• _What you are asked to do_: The records follow. Transcribe only the lines from the line containing "Bring your favorite" through the end, both ends included, and leave out the pictures.

Collection entries

================================

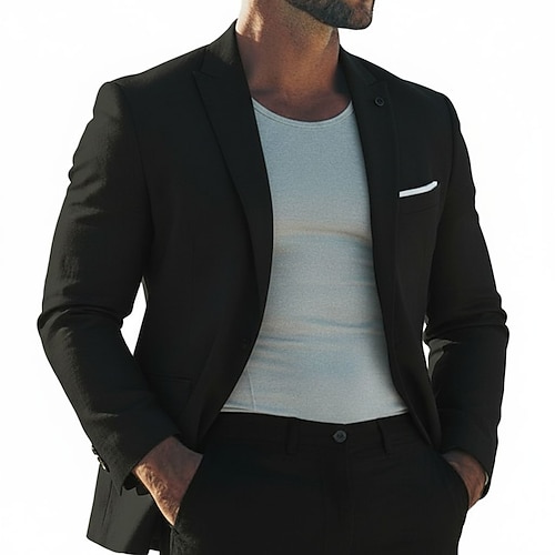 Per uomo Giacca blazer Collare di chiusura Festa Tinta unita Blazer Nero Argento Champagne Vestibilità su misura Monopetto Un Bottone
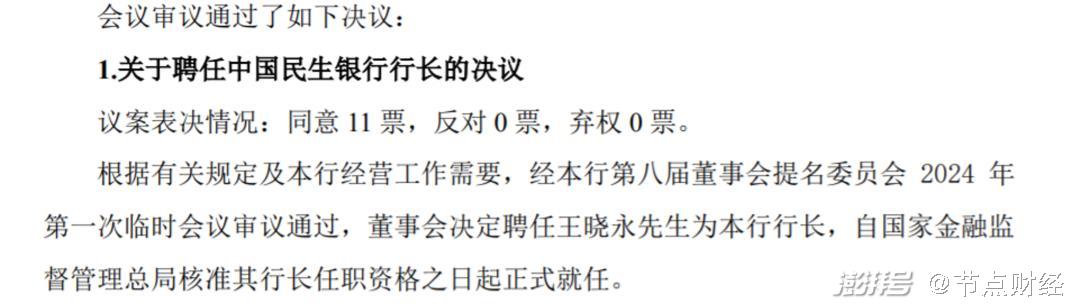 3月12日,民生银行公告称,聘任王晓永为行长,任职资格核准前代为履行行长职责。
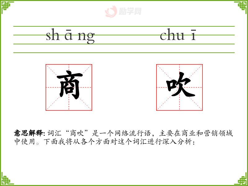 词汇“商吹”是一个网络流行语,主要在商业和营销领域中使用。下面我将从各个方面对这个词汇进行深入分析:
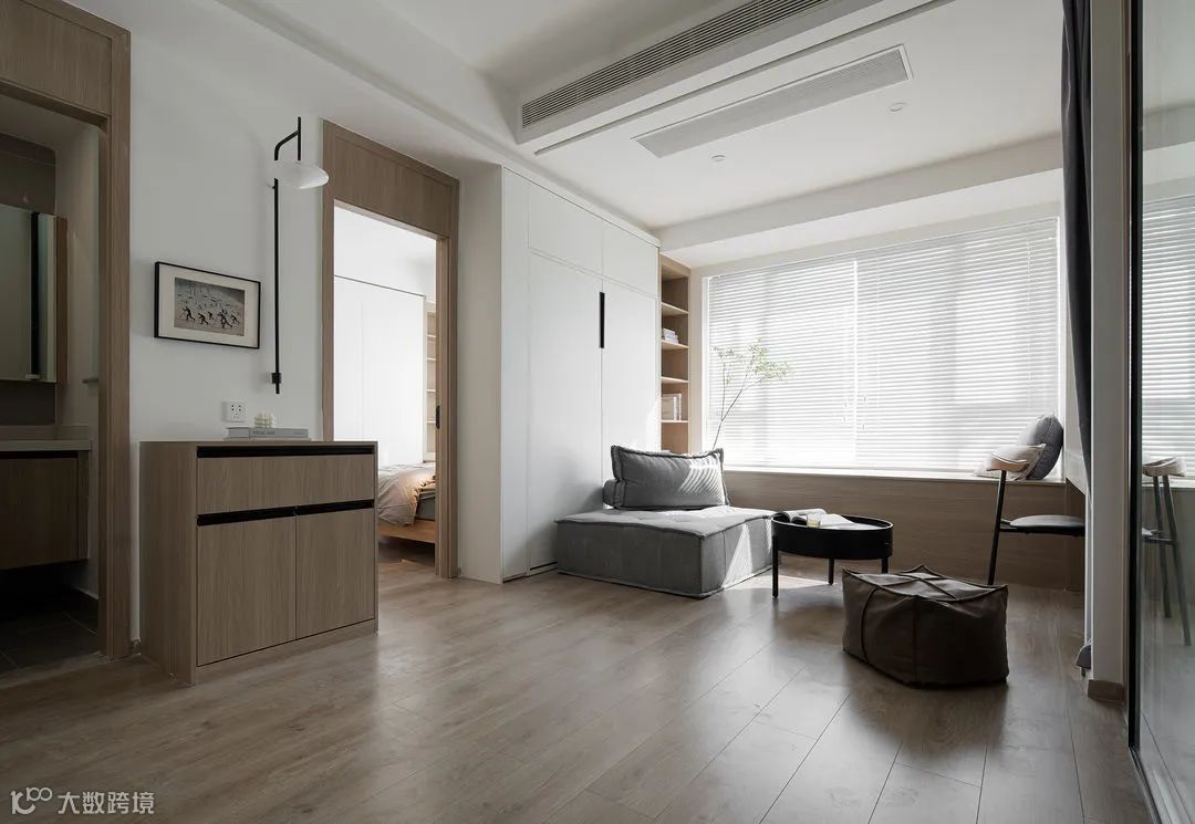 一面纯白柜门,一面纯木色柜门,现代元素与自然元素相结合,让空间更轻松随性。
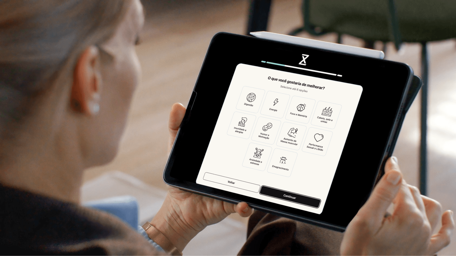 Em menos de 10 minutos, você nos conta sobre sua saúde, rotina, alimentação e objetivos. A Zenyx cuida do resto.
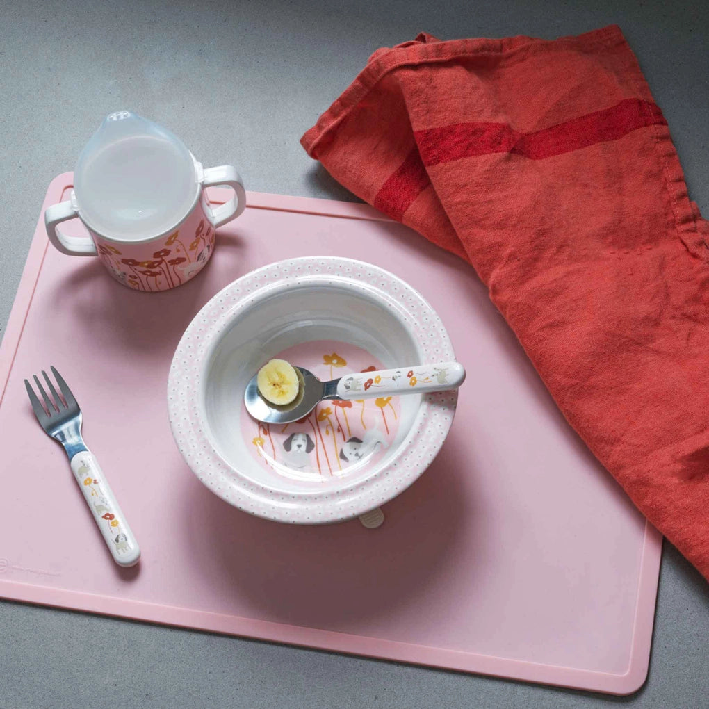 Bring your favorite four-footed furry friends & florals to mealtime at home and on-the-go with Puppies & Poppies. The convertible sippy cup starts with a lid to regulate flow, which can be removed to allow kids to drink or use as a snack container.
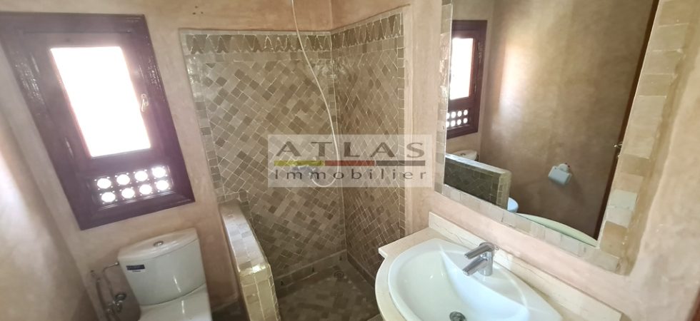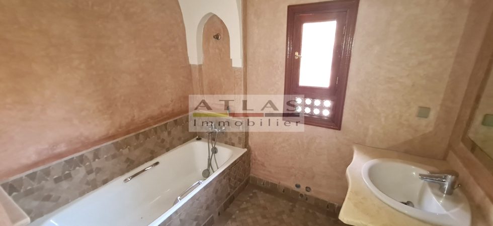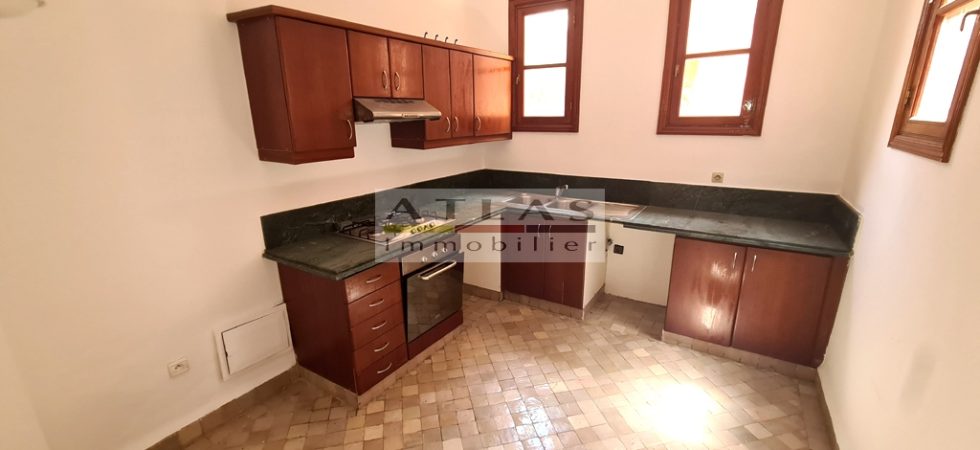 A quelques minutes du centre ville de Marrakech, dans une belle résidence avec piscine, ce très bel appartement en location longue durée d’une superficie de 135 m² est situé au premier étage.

================================

• _Answer to the exercise_:
 Bring your favorite four-footed furry friends & florals to mealtime at home and on-the-go with Puppies & Poppies. The convertible sippy cup starts with a lid to regulate flow, which can be removed to allow kids to drink or use as a snack container.
 A quelques minutes du centre ville de Marrakech, dans une belle résidence avec piscine, ce très bel appartement en location longue durée d’une superficie de 135 m² est situé au premier étage.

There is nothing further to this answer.